After rebooting, ESXi v7.0u3c starts up (as viewed from IPMI html5 console) and shows latest version in ESXi yellow console. But then I notice the back of the server, the on board network Intel x722 10GBASE-T ports LEDs are off and the links are down. And cannot get to the ESXi GUI login url page or vCenter or any VMs.
Using IPMI which allows me access to interact with the ESXi yellow Console. The management network show as down. The two NICs show as being deactivated.
I shell into the ESXi linux command line from the ESXi Console
Below are two screenshots. one of the old v6.7u1 with working adapters. the other showing the adapters after the v7.0u3c upgrade
checking vmware compatibility guide I thought the firmware version v3.33 (firmware, not the driver) might be too low
we can see in the above chart that the v7.0u3 vmware inbox driver is 188.8.131.52 and that is also what shows as my i40en driver version after the upgrade. Notice the firmware version for that driver in the chart is N/A (Not Applicable). But I was worried that the reason for link being down might be from the firmware 3.33 being too low. So i opened a ticket with Supermicro and they send me an Intel NVM firmware update for the x722 that would bring it to firmware v4.11
The utility sent from Supermicro is a small .zip file containing uefi shell scripts. I was instructed to format a FAT32 USB thumb drive and copy the scripts to it. Doesn't have to be bootable. Then reboot into BIOS and the UEFI shell and run the scripts per their instructions...
But that didn't solve the problem.
I then removed the i40en v184.108.40.206 driver and downgraded to driver version 220.127.116.11... then to 1.10.6... all the way down to 1.8.6. None of the drivers with firmware 4.11 (or the old 3.33 firmware) worked.
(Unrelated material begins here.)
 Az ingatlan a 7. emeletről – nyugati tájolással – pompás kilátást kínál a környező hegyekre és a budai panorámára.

The link status remained down. In other words, the adapters didn't think they had cables connected. really weird.
Then, about ready to recover back to v6.7 again, I figured, why don't I try a fresh install instead of an Upgrade. Perhaps it's not a driver or firmware issue. Perhaps it is something else in my v6.7 configuration that the v7 vmnic0 and vmnic1 physical adapter settings didin't like.
Instead of doing a fresh install, the fastest way to get back to a vanilla ESXi default settings and configuration is to use the yellow ESXi Console via IPMI HTML5.
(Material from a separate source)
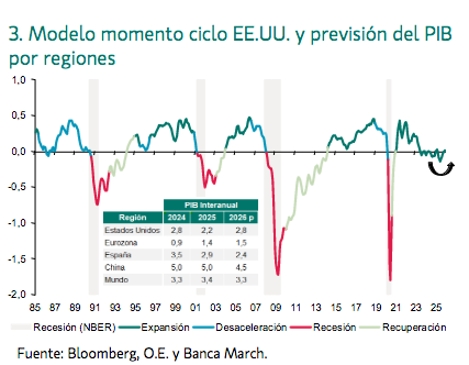A nivel regional, Estados Unidos continuará mostrando un dinamismo superior, apoyado en su mayor productividad, lo que favorecerá el aumento de la riqueza privada y del consumo. Como apunta nuestro modelo de momento económico, anticipamos un repunte del crecimiento hasta tasas cercanas al +3%.

That doesn't mess up the VMs or datastores or anything, it just clears out customized configuration such as a screwed up network.
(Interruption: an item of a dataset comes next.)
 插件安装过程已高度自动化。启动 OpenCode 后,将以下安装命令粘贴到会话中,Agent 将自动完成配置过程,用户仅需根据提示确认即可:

That fixed the link status!!! From there I decided to restore back to ESXi v.6.7u1ep06 and take screenshot captures of ALL the ESXi GUI screens, especially the vNetworks, vSwitchs, the physical adapter configs for vmnic0, vmnic1 (the two onboard x722 10GBASE-T ethernet ports).
Then I did a fresh install again. The network adapters remained up. I began to rebuild my ESXi configuration from the screenshots. This is what I found.
NETWORK DIAGNOSIS AND SOLUTION:
in the old ESXi v6.7 configuration, there were two link speeds I can choose from for the 10GBASE-T adapters:
I had set the vmnic0 and vmnic1 link speed to be 10000Mbps (10Gbps). But I only have a 1000Mbps (1Gbps) physical switch, v6.7 isokay with that selection and automatically auto-negotiate down to 1000Mbps even though I selected 10000Mbps link speed for those ports.
*The reason I had set it as 10000Mbps in v6.7 was for when I hope to eventually get a switch to handle 10Gbps. Note: in v6.7 did not have a specific "Auto-Negotiate" option.
In esxi v7, there is a specific option for Auto-Negotiate link speed. But in v6.7 there wasn't, and I had it set to 10000Mbps. And if I Upgrade from v6.7 to v7, that configuration is carried over to v7. v7 will set the physical NIC to Link Speed of "10000Mbps". The i40en Driver will NOT auto-negotiate down to 1Gbps because the configuration isn't explicitly set to Auto-Negotiate... it is at 10000Mbps. And since that speed cannot be achieved because of 1Gb hardware switch , the driver sets Link Status to be DOWN
Once that was figured out, we're now at a fully working v7.0u3c. Honestly I don't notice any difference between 6.7 and v7 yet. Was it worth it?